**The biggest axiom in the world**

In math the rules of a game are called

**axioms**. What's the longest axiom that people have ever thought about?

I'm not sure, but I have a candidate. A

**lattice**is a set with two operations called ∨ and ∧, obeying the 6 equations listed below. But a while back people wondered: can you give an equivalent definition of a lattice using just

*one*equation? It's a pointless puzzle, as far as I can tell, but some people enjoy such challenges.

And in 1970 someone solved it:

*yes, you can!*But the equation they found was incredibly long.

Before I go into details, I should say a bit about lattices. The concept of a lattice is far from pointless - there are lattices all over the place!

For example, suppose you take integers, or real numbers. Let x ∨ y be the

*maximum*of x and y: the bigger one. Let x ∧ y be the

*minimum*of x and y: the smaller one. Then it's easy to check that the 6 axioms listed here hold.

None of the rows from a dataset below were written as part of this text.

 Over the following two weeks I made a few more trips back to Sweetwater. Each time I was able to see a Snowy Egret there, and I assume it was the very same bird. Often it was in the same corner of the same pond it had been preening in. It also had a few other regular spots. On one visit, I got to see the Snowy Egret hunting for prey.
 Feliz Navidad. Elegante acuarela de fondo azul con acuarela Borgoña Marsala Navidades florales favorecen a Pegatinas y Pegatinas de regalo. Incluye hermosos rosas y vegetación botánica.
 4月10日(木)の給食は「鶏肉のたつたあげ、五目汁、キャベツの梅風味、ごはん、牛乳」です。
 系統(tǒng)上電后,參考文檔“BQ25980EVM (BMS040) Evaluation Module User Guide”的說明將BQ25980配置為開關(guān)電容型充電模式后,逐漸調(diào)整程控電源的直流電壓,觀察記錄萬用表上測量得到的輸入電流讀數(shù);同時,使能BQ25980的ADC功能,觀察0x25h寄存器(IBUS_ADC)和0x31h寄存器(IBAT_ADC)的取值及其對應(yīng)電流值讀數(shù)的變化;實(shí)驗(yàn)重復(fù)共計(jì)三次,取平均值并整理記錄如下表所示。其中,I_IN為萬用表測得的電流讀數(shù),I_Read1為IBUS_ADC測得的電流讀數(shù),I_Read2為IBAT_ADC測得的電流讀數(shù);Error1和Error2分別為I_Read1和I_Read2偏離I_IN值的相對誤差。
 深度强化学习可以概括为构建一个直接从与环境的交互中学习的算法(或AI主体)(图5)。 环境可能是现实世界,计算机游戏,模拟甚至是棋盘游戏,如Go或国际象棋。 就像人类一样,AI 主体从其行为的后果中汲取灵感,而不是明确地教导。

Or, suppose you take statements. Let p ∨ q be the statement "p or q", and let p ∧ q be the statement "p and q". Then the 6 axioms here hold!

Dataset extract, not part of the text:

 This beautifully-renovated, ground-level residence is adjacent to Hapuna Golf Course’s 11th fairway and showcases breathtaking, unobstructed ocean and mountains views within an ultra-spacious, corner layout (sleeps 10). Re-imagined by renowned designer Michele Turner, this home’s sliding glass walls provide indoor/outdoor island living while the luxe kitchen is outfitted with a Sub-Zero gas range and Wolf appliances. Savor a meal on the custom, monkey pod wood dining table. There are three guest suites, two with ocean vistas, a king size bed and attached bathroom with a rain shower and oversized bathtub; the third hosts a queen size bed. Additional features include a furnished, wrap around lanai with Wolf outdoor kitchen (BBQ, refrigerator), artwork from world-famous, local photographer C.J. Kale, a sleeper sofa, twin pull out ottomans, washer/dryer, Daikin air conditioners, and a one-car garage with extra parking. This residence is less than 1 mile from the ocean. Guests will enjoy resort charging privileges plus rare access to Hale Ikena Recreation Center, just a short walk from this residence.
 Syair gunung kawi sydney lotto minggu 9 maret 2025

For example, consider the axiom p ∧ (p ∨ q) = p. If you say "it's raining, and it's also raining or snowing", that means the same thing as "it's raining" - which is why people don't usually say this.

The two examples I just gave obey other axioms, too. They're both

**distributive**lattices, meaning they obey this rule:

p ∧ (q ∨ r) = (p ∧ q) ∨ (p ∧ r)

and the rule with ∧ and ∨ switched:

p ∨ (q ∧ r) = (p ∨ q) ∧ (p ∨ r)

But nondistributive lattices are also important. For example, in quantum logic, "or" and "and" don't obey these distributive laws!

Anyway, back to the main story. In 1970, Ralph McKenzie proved that you can write down a single equation that is equivalent to the 6 lattice axioms. But it was an equation containing 34 variables and roughly 300,000 symbols! It was too long for him to actually bother writing it down. Instead, he proved that you

*could*, if you wanted to.

Later this work was improved. In 1977, Ranganathan Padmanabhan found an equation in 7 variables with 243 symbols that did the job. In 1996 he teamed up with William McCune and found an equation with the same number of variables and only 79 symbols that defined lattices. And so on...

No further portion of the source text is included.